Not knocking the op. Lots of very elementary questions. You are applauded for asking. I suggest you look into SIMA. They have a lot of info and training materials available.


----------



## cpipke

Thank you, that will come in handy. 

Thank you and have a great day!


----------



## cpipke

My questions might seem elementary to you but I wanted to confirm that my thoughts were on track. I value any input but I thought that was what this site was for, so I decided to use the tools that I had available ATM. I appreciate the helpful and positive help.


----------



## Mark Oomkes

If you can't get that lot plowed in an hour and a half (or less) with that truck\plow up to say 4", you need to find a new vocation.


----------



## John_DeereGreen

I was going to say that's a 1 hour lot with 2-4 inches of snow.


----------



## Mark Oomkes

John_DeereGreen said:


> I was going to say that's a 1 hour lot with 2-4 inches of snow.


You haven't graduated from Buzz's Online People's Skills and Tinfoil Helmet Folding Correspondence Course.


----------



## Mr.Markus

BOPSTHFCC...!???


----------



## Mark Oomkes

Mr.Markus said:


> BOPSTHFCC...!???


Yes...........


----------



## John_DeereGreen

Mark Oomkes said:


> You haven't graduated from Buzz's Online People's Skills and Tinfoil Helmet Folding Correspondence Course.
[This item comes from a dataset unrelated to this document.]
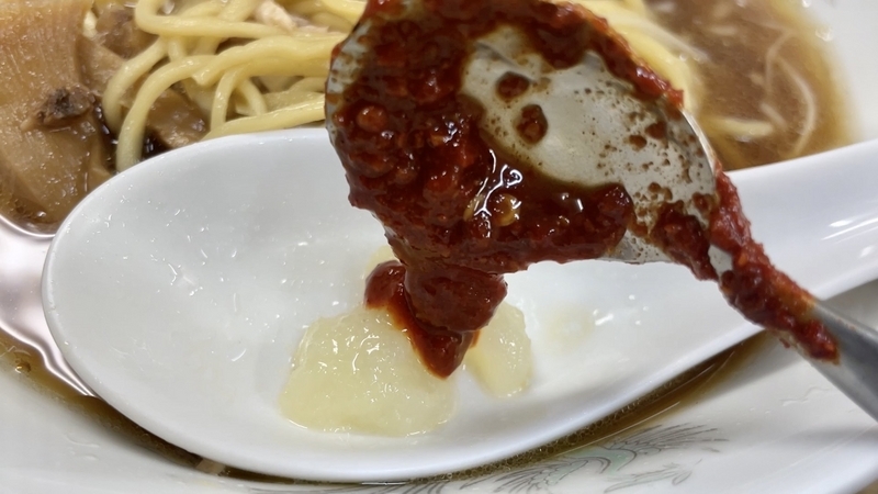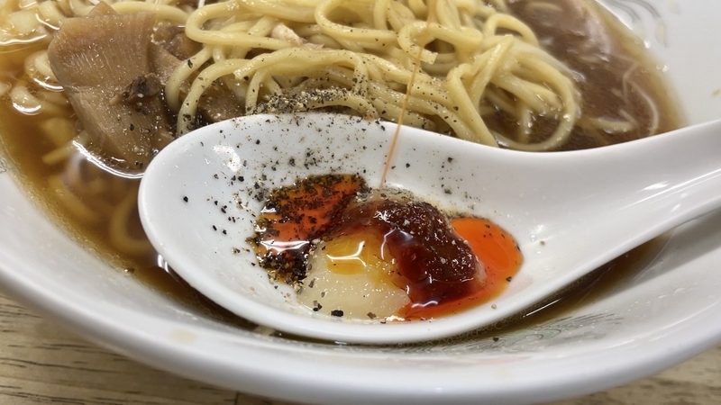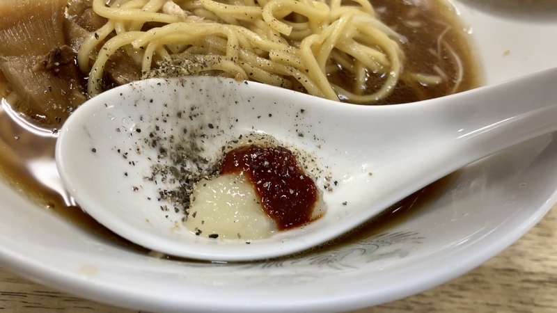素朴で質実な出汁感のまま〆ても良かったんですが、酒が入ってる感覚だったので少し刺激が欲しくなる。そいういう流れで、備え付けのおろしニンニクと豆板醤を少し溶かしてみました。ふふふ・・・これが思いの外、コクを深めてカエシのエッジングと高めるじゃないか!。更に今回はブラックペッパーを投入!後半にこそオススメ。酒と合わせるなら尚更オススメ!。

I must resign myself to be a member of the "uncool" kids club now...


----------



## Mark Oomkes

John_DeereGreen said:


> I must resign myself to be a member of the "uncool" kids club now...


Buzzy puts on regularly scheduled courses.


----------



## Defcon 5

John_DeereGreen said:


> I must resign myself to be a member of the "uncool" kids club now...


You are secratary tresurer of the Oomkes "Posse"...Quite a badge of Honor


----------



## Defcon 5

Mark Oomkes said:


> Buzzy puts on regularly scheduled courses.


Which I'm to busy for...


----------



## LapeerLandscape

cpipke said:


> My questions might seem elementary to you but I wanted to confirm that my thoughts were on track. I value any input but I thought that was what this site was for, so I decided to use the tools that I had available ATM. I appreciate the helpful and positive help.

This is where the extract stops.